What is required —
Repeat the lines from the one containing "为弘扬雷锋精神,推动新时代文" through the end of the listing exactly, both ends included. Do not carry over any pictures.

Data shown —
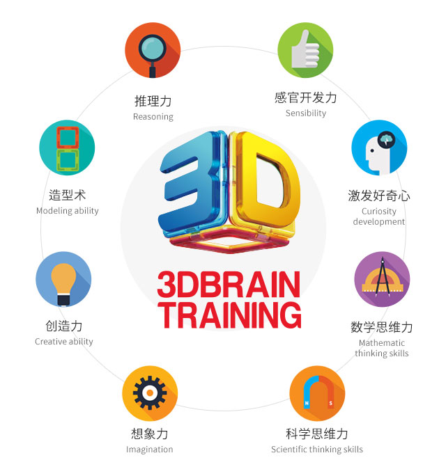 “大脑的3D立体训练”是指造型术、推理能力、 感官开发力、好奇心、创造力、想象力、数学思维力、 科学思维力等8个必须技能不单单偏向于哪一个, 而是有机结合,均衡发展的3D思维,利用这种思维 效果组合出模型,使得孩子在玩耍过程中享受乐趣, 对孩子的健康发展起到积极影响。
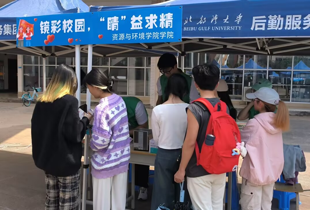 为弘扬雷锋精神,推动新时代文明实践活动走深走实,3月22至3月23日,北部湾大学2025年“青春志愿行,实干建新功”学雷锋志愿服务活动在大学生活动中心广场隆重举行。我院积极响应学校号召,特别推出“镜彩校园,‘睛’益求精”志愿服务项目,为全校师生提供免费眼镜清洗、镜架调整及专业视力检测服务,赢得广泛赞誉。
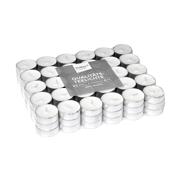 Rubin Licht Tealight Candle White, 4 Hours 90’s

Solved exercise —
 为弘扬雷锋精神,推动新时代文明实践活动走深走实,3月22至3月23日,北部湾大学2025年“青春志愿行,实干建新功”学雷锋志愿服务活动在大学生活动中心广场隆重举行。我院积极响应学校号召,特别推出“镜彩校园,‘睛’益求精”志愿服务项目,为全校师生提供免费眼镜清洗、镜架调整及专业视力检测服务,赢得广泛赞誉。
 Rubin Licht Tealight Candle White, 4 Hours 90’s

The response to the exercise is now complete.